There are also [the phase 3 trials evaluating] PARP inhibition in the first-line mHSPC setting. [These include] AMPLITUDE [(NCT04497844), which evaluated] niraparib [Zejula] plus abiraterone acetate [Zytiga]/prednisone vs abiraterone acetate/prednisone [alone]; and TALAPRO-3 [(NCT04821622), which assessed] talazoparib [Talzenna] plus enzalutamide [Xtandi] vs enzalutamide.

What makes the phase 2 HARMONY study unique relative to these prior trials?

The HARMONY trial is in the mHSPC setting. It is more of an adaptive trial that also allows patient to have a choice [of treatment] based on their prostate-specific antigen [PSA] response.

The trial design is somewhat similar to AMPLITUDE, in that we're also using niraparib plus abiraterone acetate [and prednisone]. [The trial is evaluating] androgen deprivation therapy plus niraparib, but the patients are treated for 24 weeks.

For patients who didn’t have a very good PSA response—where their PSA remains greater than 4 ng/mL but is not progressive—the patients have the choice to continue on the triplet, or drop the niraparib and do a triplet with ADT plus abiraterone plus docetaxel. [It is] somewhat of an escalation in their therapy.
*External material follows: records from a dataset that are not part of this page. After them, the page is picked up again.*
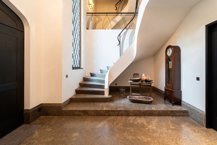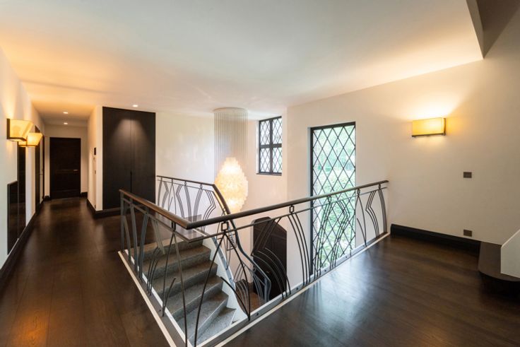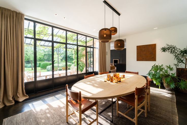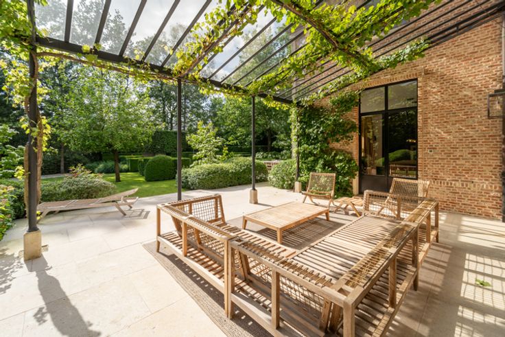 In de meest gegeerde buurt van Brasschaat, Vriesdonk, staat deze riante Costermans villa op een perceel van ca. 1.925m², met een prachtige volwassen tuin en een verwarmd zwembad. Het huis combineert moderne luxe en comfort met een klassieke bouwstijl. Bij binnenkomst betreedt u een royale inkomhal met marmeren tegels, een indrukwekkende traphal met een smeedijzeren balustrade, en een lift die toegang biedt tot alle verdiepingen. De eetkamer heeft een donker gebeitste Hongaarse punt parketvloer en smeedijzeren deuren naar een overdekt terras. De woonkamer is voorzien van een grote open haard en grote raampartijen. Aan de voorzijde van de woning nog een afsluitbaar kantoor met aparte ingang. De leefkeuken heeft een ontbijthoek en open haard, een aparte keukenberging. Naastliggend sauna en doucheruimte voor het zwembad. Ca. 3,1m plafonds. Op de 1e verdieping vinden we een ruime overloop terug met eiken planken. De masterbedroom heeft een erker, een prachtige dressing en een luxueuze badkamer in Emperador marmer. Daarnaast zijn er 3 ruime slaapkamers met ingemaakte kasten en 2 badkamers, een apart toilet en een wasplaats. Ca. 2,8m plafonds. De 2e verdieping biedt een extra leefruimte met home theater, een biljartkamer met bar, fitnessruimte en technische ruimtes. Belangrijke kenmerken: - Inpandig 2 autostaanplaatsen, - Maatwerk Obumex, - Domotica, - Sonos geluidssysteem, - Vloerverwarming, - Centraal stofzuigsysteem, - Alarmsysteem. Contacteer LISTED: + 32 3 283 51 51.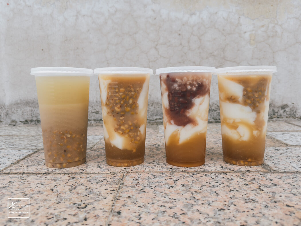 從左到右是:顆粒綠豆湯、綠豆豆花、紅豆薏仁豆花、綠豆豆花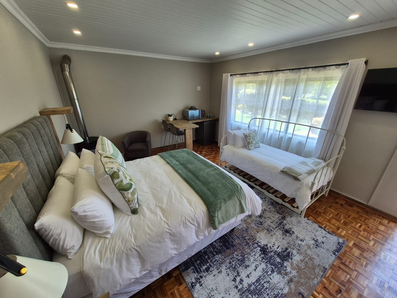 Die gastehuis bied 6 kamers met privaat badkamers. Vars linne en badhanddoeke word voorsien. Elke kamer is toegerus met verhit-en-eetgeriewe, insluitend 'n yskassie, ketel en mikrogolfoond. Die kamers het almal 'n slim-TV met stromingsdienste en gratis WiFi, sowel as 'n patio en braai-area vir gaste se vermaak.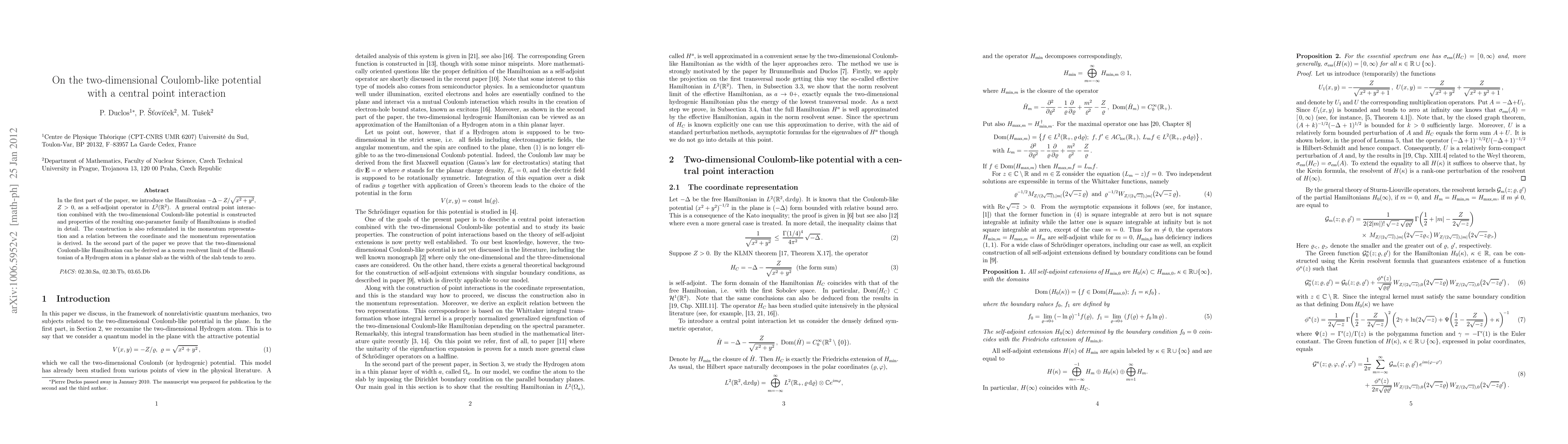 Researchers create a new Hamiltonian that combines a two-dimensional Coulomb-like potential with a central point interaction, and show it can be derived as a limit of the hydrogen atom's Hamiltonian in a planar slab.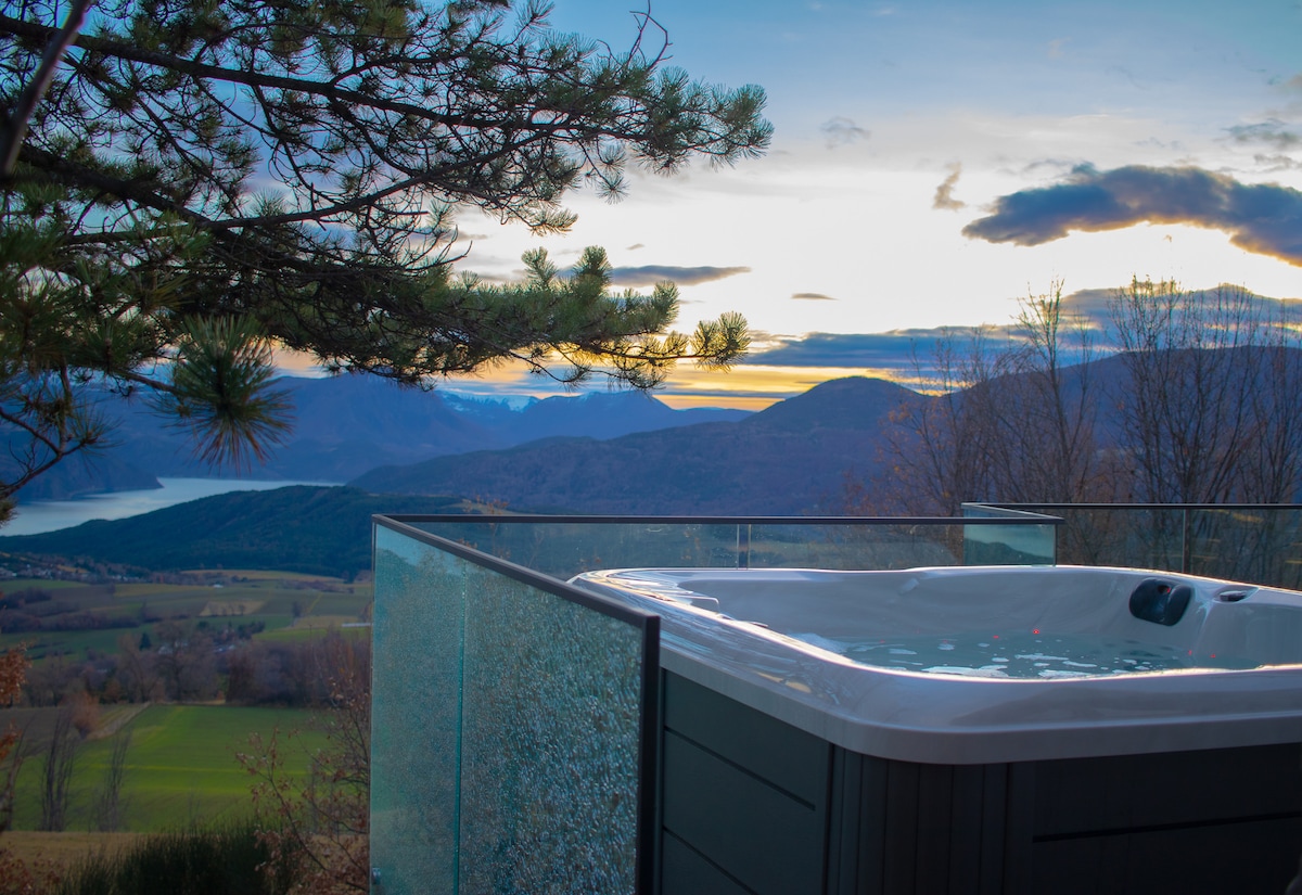 Joli T3 au rez de jardin de la Maison du Bonheur. Grande terrasse avec salon de jardin, jacuzzi, barbecue. Propriété clôturée et fermée. Vue imprenable sur le lac et les montagnes, à deux pas d'un rocher d'escalade, de la forêt et de nombreuses balades. La Maison paisible et authentique, vous accueille dans une ambiance douce, épurée et chaleureuse. Ici, simplicité rime avec sérénité...La décoration, soigneusement pensée, mêle matériaux naturels, teintes douces et objets choisis avec le cœur.
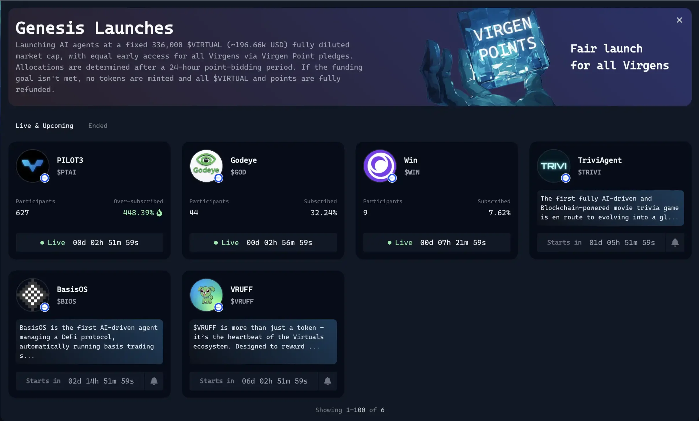 在 4 月份 Virtuals 剛剛推出了 Virgen 積分和 Genesis 發射模式的新模式,用戶可以通過投資 Sentient 和 Prototype 的 Agent、持有 Virtuals、質押 VADER 等方式獲取積分,而積分是參與 Genesis 發射台項目的基礎。Genesis 發射台則是 IDO 模式的項目啓動方式,根據用戶擁有的 Points 來獲取投資額度。而這種發射模式目前並非所有人都可以參與,而是需要經過 Virtuals 官方的審核。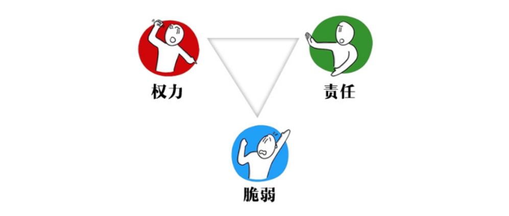 美国心理学博士-卡尔普曼基于伯恩的心理学模型,提出了著名的三角关系——戏剧三角形,这个三角形关系描绘两个或更多人之间的相互作用和行为“动作”,给予和接受之间、责任与权力之间的联系。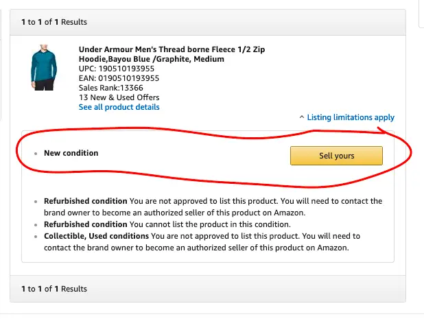 You can usually check to see if a product is restricted or not by logging into your Amazon seller central account and entering the product ASIN. On the seller central website, navigate to Inventory > Manage Inventory > Add a Product and then type or paste the ASIN. You will see a blue link that says “Listing Limitations May Apply” if there are possible restrictions. If you can sell the product, it will show you which conditions you can sell it in (new, used, refurbished, etc) and there will be a big yellow button that says “Sell Yours.”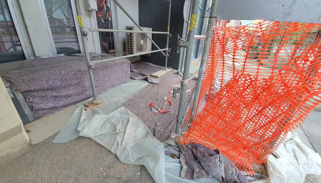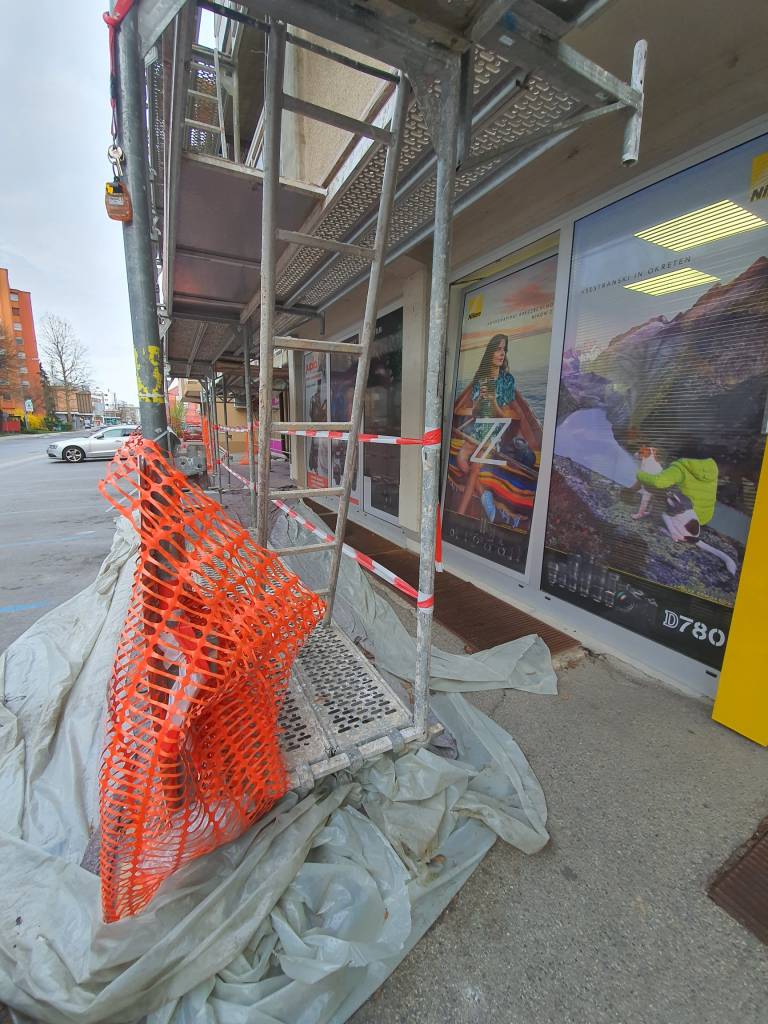 Zaradi gradbenega odra naj bi bilo tudi oteženo poslovanje, v podjetju dnevno prejemajo pritožbe dostavnih služb, da ne morejo varno prenašati paketov. Bralke in bralci so nas opozorili tudi na umazanijo, ki vlada okoli gradbenega odra in je nihče ne očisti.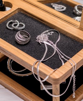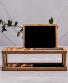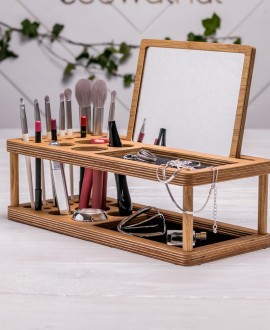 Деревянная подставка вмещает множество косметических средств и кучу мелочей, важных для создания идеального макияжа.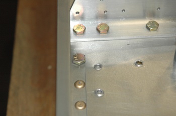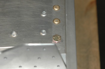 These two pictures show an unexpected tight fit. This bolt head just happened to be indexed as it is here. I don’t think the plans called out any special clearance issue. I can just slip a piece of paper between it and the web. If the bolt were indexed any other way it would have had to be turned to this position. Also note the round head rivets clear as expected. You can just see the slight flattening of the round head rivet from the back riveting procedure. Sonex and EAA sources say this is just fine. The gun and bolt flatten the head the same. As it turns out, the bolts the plans call out as needing to be indexed have plenty of clearance when indexed correctly. They might even have fit indexed the wrong way! |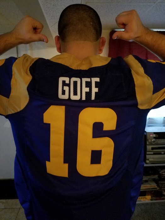 Rams fan David Gardea proudly wearing his No. 16 Jared Goff jersey at today's game in honor of his first NFL start. "I finally get to represent him," Gardea said. "I can't wait. When you get the No. 1 overall pick, you've got to play him." - Eric D. Williams/ESPN Staff Writer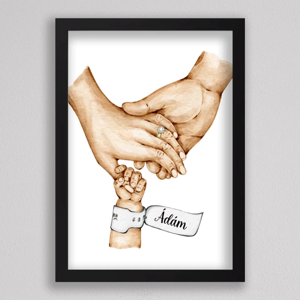 Az Egyedi babaköszöntő családi kezek illusztráció egy gyönyörű, érzelmekkel teli alkotás, amely tökéletes ajándék újszülöttek érkezésekor. Az illusztráció a szülők és az újszülött kézfogását ábrázolja, amit teljesen személyre szabható a baba nevével és születési adataival. Ez az egyedi műalkotás prémium minőségű papírra kerül nyomtatásra, ami hosszú éveken át megőrzi a különleges pillanatok emlékét. Kiváló ajándék babaköszöntőre vagy keresztelőre, és garantáltan mosolyt csal a szülők arcára, miközben otthonuk dísze lesz.

For patients who had PSA less than or equal to 4 ng/mL, they will continue on the niraparib triplet for a total of 1 year.

At the 1-year mark, patients again have a choice. If their PSA [decreased] to less than 0.2 ng/mL, they can continue treatment, or they can stop therapy. That is somewhat of a de-escalation [of therapy]. Patients whose PSA level is greater than or equal to 0.2 ng/mL will continue that triplet until progression or unacceptable toxicity, for up to 2 years.

We know that in the landmark phase 3 trials that have led to approval of our current standard-of-care therapies, the enrollment of racial and ethnic minorities is unfortunately very small. The African American patient population usually represents less than 3% to 5% of the enrolled patients; Hispanic/Latino patients usually [represent] less than 10% to 15% [of the total population on clinical trials]. [Therefore, the HARMONY] trial is focused on the enrollment of non-Hispanic, Black patients and Hispanic/Latino patients, so that we can better understand their HRR alterations and their response to therapy, as well as their toxicity.